Fear of the consquences? Fear these girls will *out* him? Or fears his inner girl is the real child and will take over if not repressed?

Powerful stuff.

John in Wauwatosa

John in Wauwatosa

Hope you'll continue with this

So much of this hits very close to home. Analyzing every possible meaning of the word "friendlier"...I've always done that... having the chance to dress and present as a female offered but having the fear of trusting that it would not be for the purpose of deliberate humiliation... fearing "crossing that line", knowing it would forever change things and that it would be impossible to go back, and fearing that...and yet wanting it so badly... even the favorite private place in the woods... yes, I know this character too well. Looking forward to seeing how this develops, thanks for writing and posting.

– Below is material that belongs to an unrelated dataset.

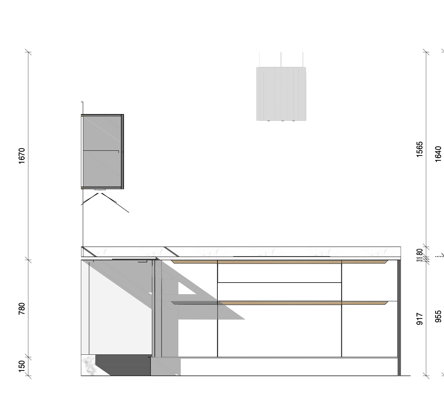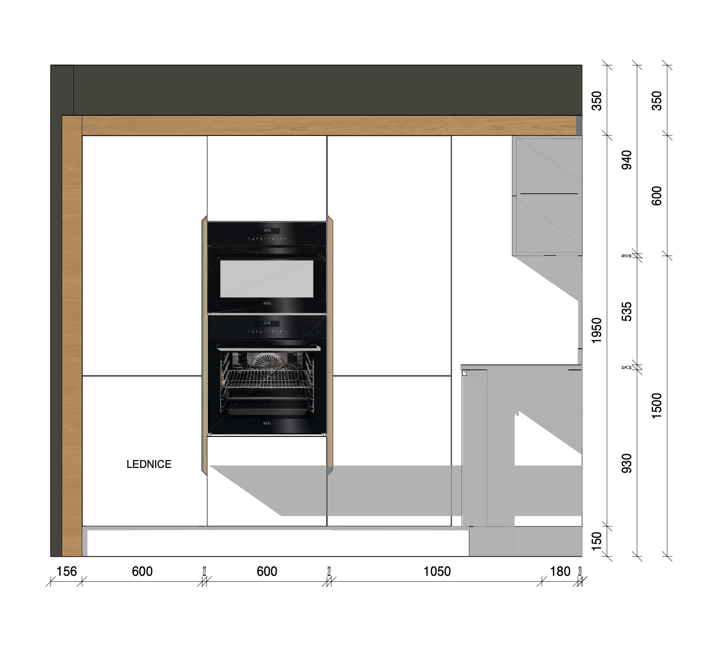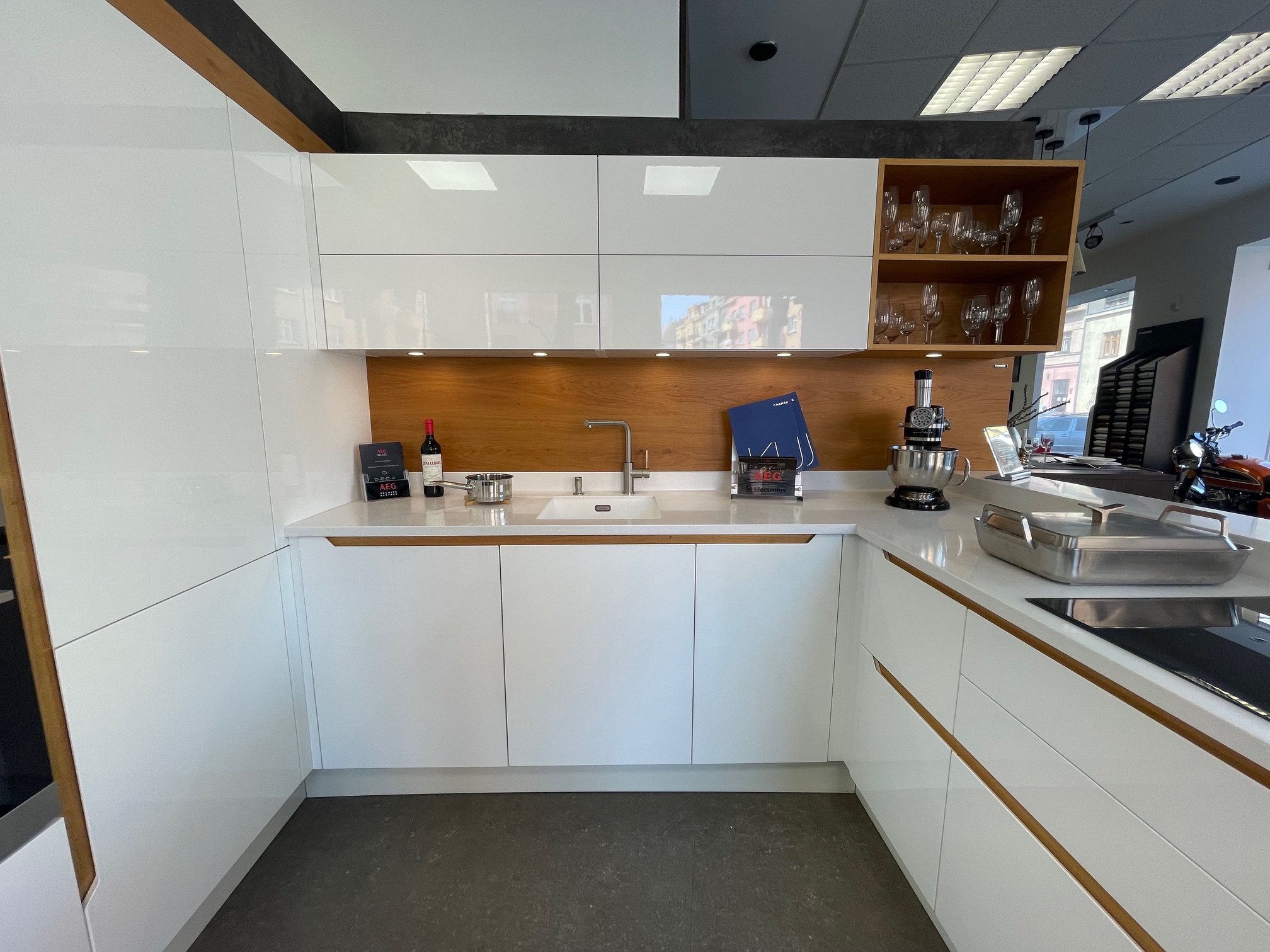 Bílá polar lak/dýha Dub rustikal OLD. Pracovní deska Corian Antartica včetně dřezu. Spotřebiče AEG. Sanita Blanco a Franke.

How many times have I heard that voice?

Andrea Lena's picture

...are you ashamed of me? Once again it's not the action that takes place in this story so much as what never comes to pass, and much is the regret for that since it all too painfully parallels my own story. Thank you once again for putting a 'face' to my own voice.


Dio vi benedica tutti
Con grande amore e di affetto
Andrea Lena

  

To be alive is to be vulnerable. Madeleine L'Engle
Love, Andrea Lena

"Are you ashamed of me?"

ah, yes, I remember hearing that "voice" and trying so hard to drown her out ...

nice story.

Dorothycolleen, member of Bailey's Angels

DogSig.png

Such a tangled web

Danny seems to have good reasons not to trust the girls. As the story is written, he was wise not to give in to their offer, despite Danielle's urges. Perhaps she isn't quite as wise as Danny seems to think?
I sincerely hope that Danny is able to articulate this to Danielle, so that they may come to some kind of compromise and reach the next level?

Caitlin, Chelsea, and Melanie

can see Danielle in Danny. Why is he afraid of her?